Petites infamies – Carmen Posadas

Voilà un roman qui m’a enchantée. La plongée dans l’ambiance est immédiate puisque l’on assiste à l’enfermement de Nestor Chaffino, cuisinier-traiteur, dans une chambre froide, on ressent fortement toutes ses émotions et sentiments de claustrophobie, de peur, d’angoisse d’être enfermé dans une chambre froide au moins 30 degrés.
De plus, la scène racontée par le protagoniste principal a un ton très « culinaire » et m’a mis l’eau à la bouche (Vous prendrez bien un boudin au brocoli de bon matin ou des truffes en chocolat ? ).
Après ce premier chapitre qui nous met dans le bain(marie), l’auteur procède à plusieurs flash-back et présente tous les personnages que l’on a vu dans le premier épisode : d’abord le cuisinier mais aussi son adjoint, Carlos ; Karel le serveur tchèque, culturiste à ses heures qui m’a bien fait rire, puis Chloe, serveuse également, la seule fille de l’entreprise de Nestor. Chloe est un personnage qui m’a beaucoup plu et dans lequel je me suis reconnue (normal, c’était la seule fille me direz vous, mais pas que : ce personnage a une sensibilité que j’ai trouvé très réussie : peut être l’auteure y a t-elle mis plus d’elle-même que pour les autres personnages ?).

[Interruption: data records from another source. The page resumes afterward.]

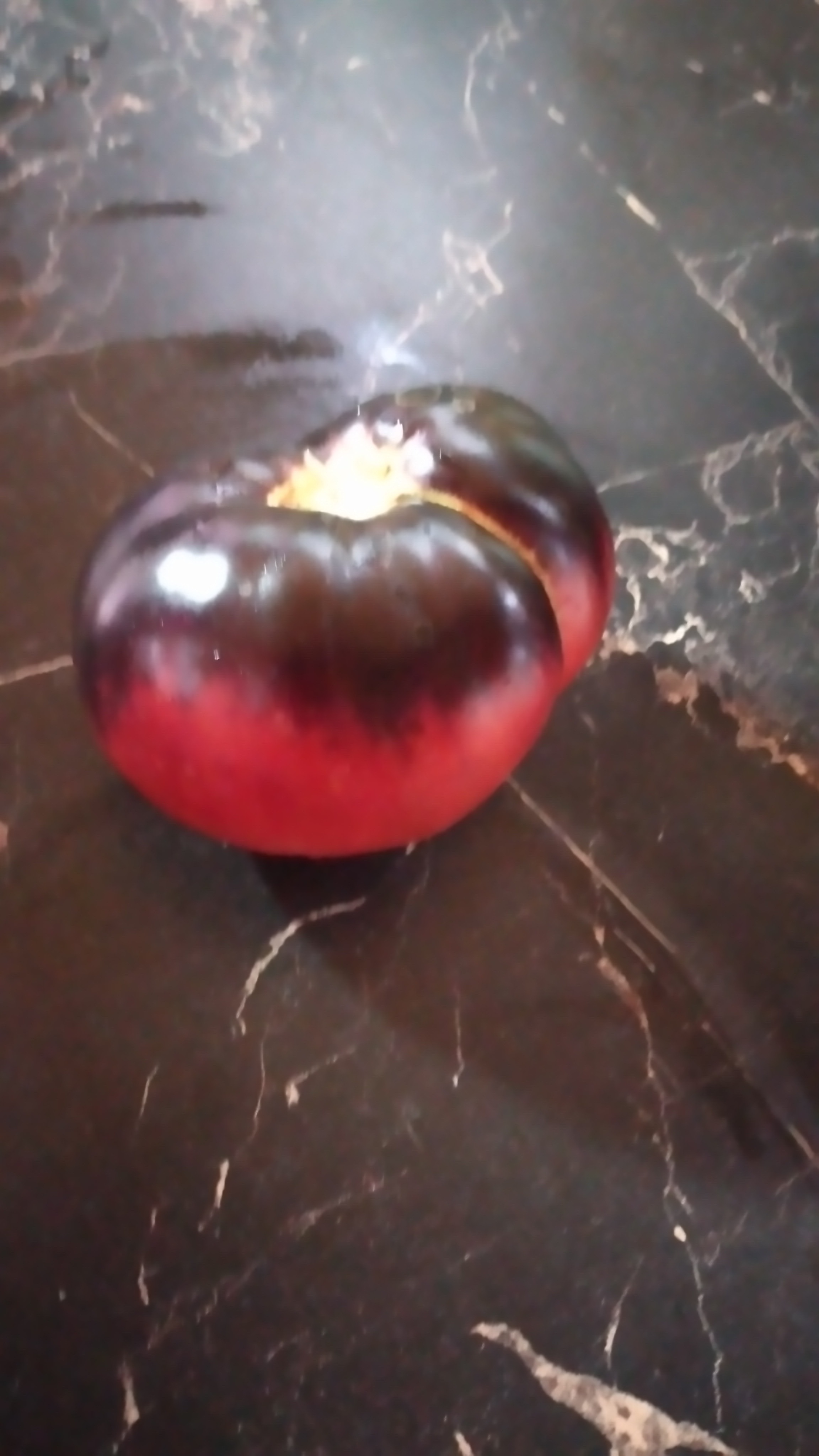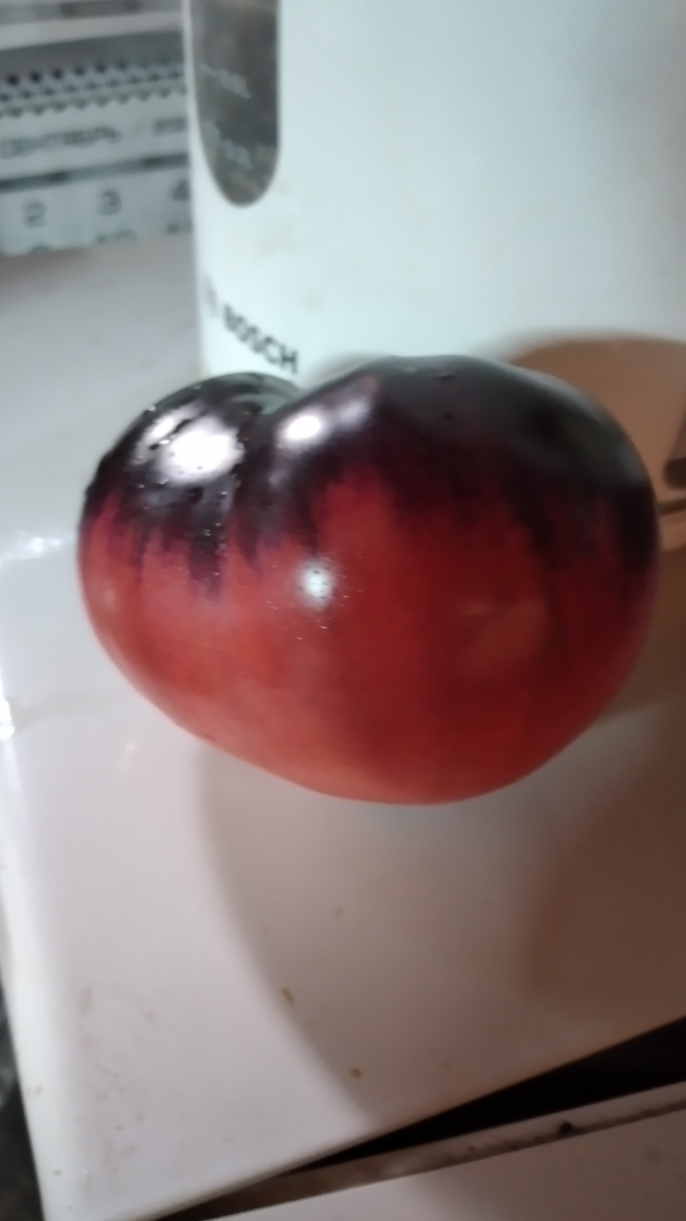 Достигнув спелого состояния, помидоры этого сорта приобретают темно-малиновый окрас. На них появляются темные «плечики», обязанные своим цветом антоцианам, которых на таких участках особенно много. Обычная масса ягод составляет 180-200 г. Рекордные экземпляры могут достичь и 0,45-0,65 кг. Прочие моменты: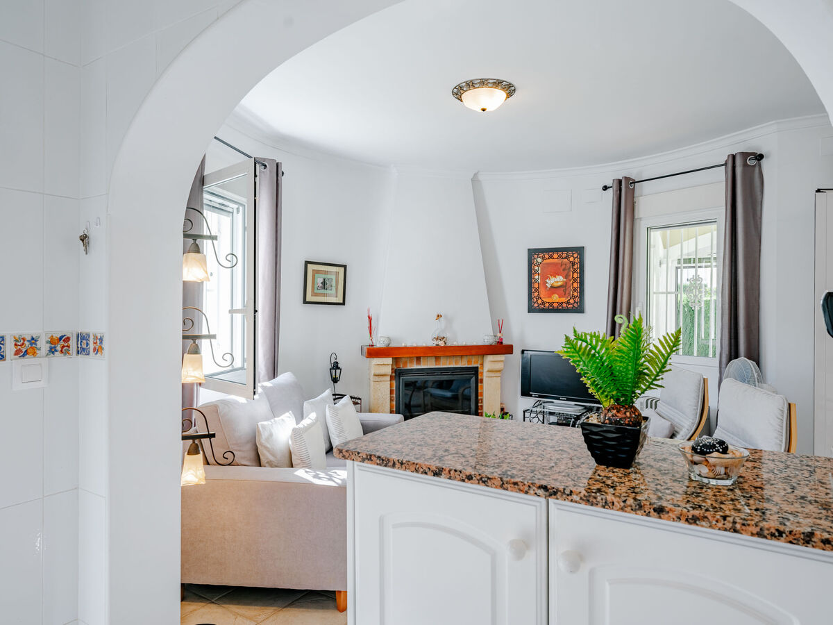 Spacieux, aménagement confortable et de style: séjour/salle à manger avec cheminée et TV (satellite).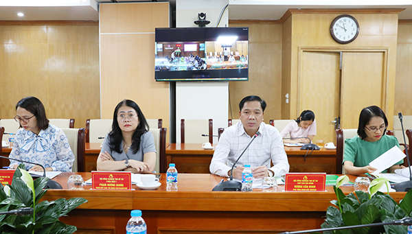 Phó Tổng Giám đốc Vương Văn Minh - Chủ tịch Hội đồng nghiệm thu NHCSXH chủ trì tại điểm cầu trực tuyến Hội sở chính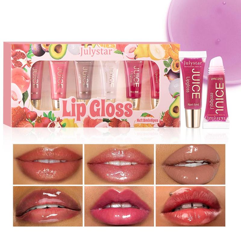 Fruit Flavor Lip Gloss, 6 Counts/set Moisturizing Nourishing Lip Glaze, Glossy Lip Glaze Stick, Plumping Lip Oil Lip Stick for Girls & Women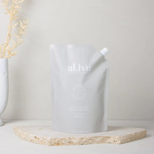 Our refill pouches are designed to refill your existing al.ive kitchen bottles whilst helping to reduce the amount of plastic used. Our refill pouches use 85% less plastic and refill your 300ml al.ive body bottle three times.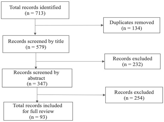 The evaluation stage of this research included a screening process, an eligibility stage, and an inclusion stage to select the final studies used in this research. As indicated in Figure 1, the initial search of various scientific databases and websites resulted in a total of 713 research documents. Following this, duplicate documents were removed, which brought the number down to 579. After this, the titles were screened, and this resulted in the elimination of documents that were unrelated to the current study. This brought the number of research documents down to 347. The next step involved an abstract screening of the remaining documents. Studies that were not relevant to this research were excluded, yielding 93 selected documents eligible for full-text review. In this context, “relevant” means that the study focused on land-use planning and in particular addressed the issue of stakeholder participation or that it focused on the digital twin and addressed the theoretical point of the technology, its conceptualisation, its architecture, its characteristics, and its potential in land-use planning. The inductive content analysis method was used in analysing the data from the reviewed documents [45]. This included the categorisation, grouping, and abstraction of the main ideas, leading to new narratives of the connection between land-use planning and digital twins in broader themes. The data were analysed to identify where in the land-use-planning process stakeholder participation and stakeholder influence are currently critical. It was also analysed to identify those features of the digital twin technology needed to improve stakeholder influence on land-use interventions. Using logic and conceptual reasoning and the researcher’s knowledge of the subject matter, we narrowed this down to specifically establish the relationship between stakeholder participation in land-use planning and the potential of the digital twin technology. The results of the findings were interpreted to confer meaning and clarity to the data. This was accomplished by discussing, comparing, and contrasting the data to find similarities in and differences between the findings and the broader literature on land-use planning [42,44]. Some data were also presented by using tables, figures, and relational models. Figure 1 summarises the literature search process.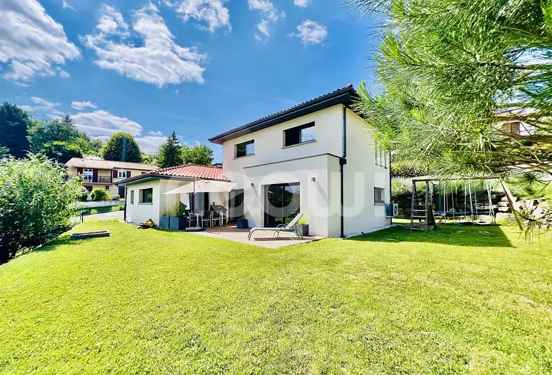ENVAL, CO-EXCLUSIVITE, agréable villa contemporaine de 2018 sur deux niveaux, construction RT 2012 en brique avec vide sanitaire, entrez dans les lieux et laissez-vous séduire par une pièce à vivre de 52 m2 avec cuisine intégralement équipée ouverte sur la salle à manger et le salon donnant sur une terrasse exposée sud à l’abri des regards, le volume de plain-pied dispose d’une suite parente avec chambre, salle d’eau et dressing. Dirigez-vous à l’étage supérieur pour trouver deux chambres, un bureau (salle de jeu à l’usage avec possibilité de créer une quatrième chambre) et une salle de bains. La prestation offre une buanderie/cellier et un garage de 27.50 m2 et bénéficie de nombreux éléments de confort : isolation, double vitrage, volets roulants motorisés, pompe à chaleur air/eau avec chauffage au sol, fibre optique etc. Édifiée sur une parcelle de 725 m2, l’habitation offre un attirant cadre de vie avec une spacieuse terrasse, un jardin paysager clos et sécurisé et une vue dominante sur la commune et sa nature.

Les quatre  personnes travaillent donc ensemble pour le couple Teldi à qui appartient la maison sur la Costa del Sol. Une grande réception avec une trentaine d’invités…
Le cuisinier est à la fois sympathique (quand il écrit à son ami Antonio resté en Argentine, quand il conseille Carlos sur ses problèmes « existentiels ») et très antipathique (dans ce que les protagonistes racontent de lui). Très ambigü, il a vécu en Espagne là où se trouve l’action principale mais aussi en Argentine pendant la dictature (comme les Teldi).
On se retrouve donc dans une maison où le cuisinier, détesté de quand même pas mal de monde, meurt. Accident ? meurtre ? ça va être tout  le propos de ce livre de remonter le temps pour voir quels sont les mobiles de chacun et qui a éventuellement tué le cuisinier.

L’auteure joue avec les codes : un peu de suspense saupoudré ici, un peu d’ésotérisme par là, une pincée de coïncidences pour le moins étranges,  elle laisse le lecteur croire qu’il a deviné ce qui s’est passé… donne plein de fausses pistes…bref, elle s’amuse et nous aussi …

La fin m’a beaucoup plu, je ne m’y attendais pas du tout et pourtant en reprenant mes notes notamment page 39 tout était déjà écrit ! bravo l’auteure !

Un extrait (p 57):

Il est incontestable que les fourneaux sont de bons alliés pour les confidences. Que devant un chaudron de sirop bouillant dans lequel flottent par exemple, des fleurs d’oranger ou peut-être aussi, des morceaux de potiron et autres délices, on finit par révéler à un ami ou à un maître ses secrets les plus intimes, comme le ferait un jeune barde en présence d’un druide.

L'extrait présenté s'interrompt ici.